Vedendosi in pericolo, aggiunse subito:

— ....se sdegna l’amore.

— E chi le ha detto che io lo sdegni?

— Nessuno.... Immagino....; suppongo....; forse.... Ah! è qua l’amabile Ortensia. « Venite a noi parlar, s’altri nol niega!»

Ortensia, che sopravvenendo salvava il cavaliere dalla china perigliosa, non si curò di lui e si rivolse a me concitata, quasi per ira mal rattenuta:

— A messa in paese io non ci vado!
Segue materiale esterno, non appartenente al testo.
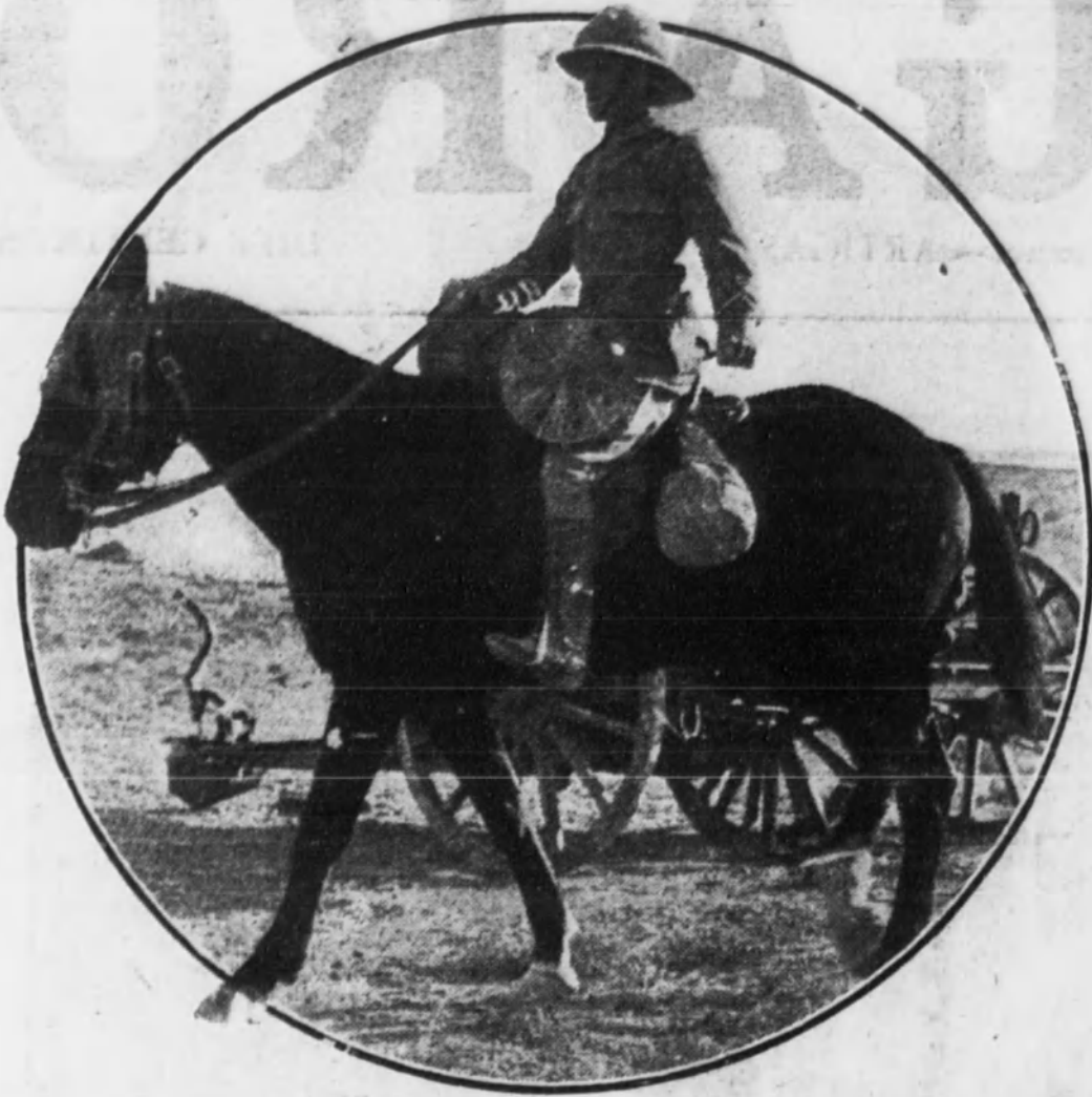
Soldado del Ejército inglés en Mesopotamia tendiendo una línea telegráfica.

Vado all’Oratorio. M’accompagna lei, Sivori?

Io non avevo ancor risposto che Fulgosi s’inchinò come a una regina, e disse:

— Anch’io, se crede.... — Ma ella l’interruppe, evidentemente decisa a non volerlo.

— Domenica prossima m’accompagnerà lei, cavaliere.

— Volentierissimo! Parigi vai bene una messa!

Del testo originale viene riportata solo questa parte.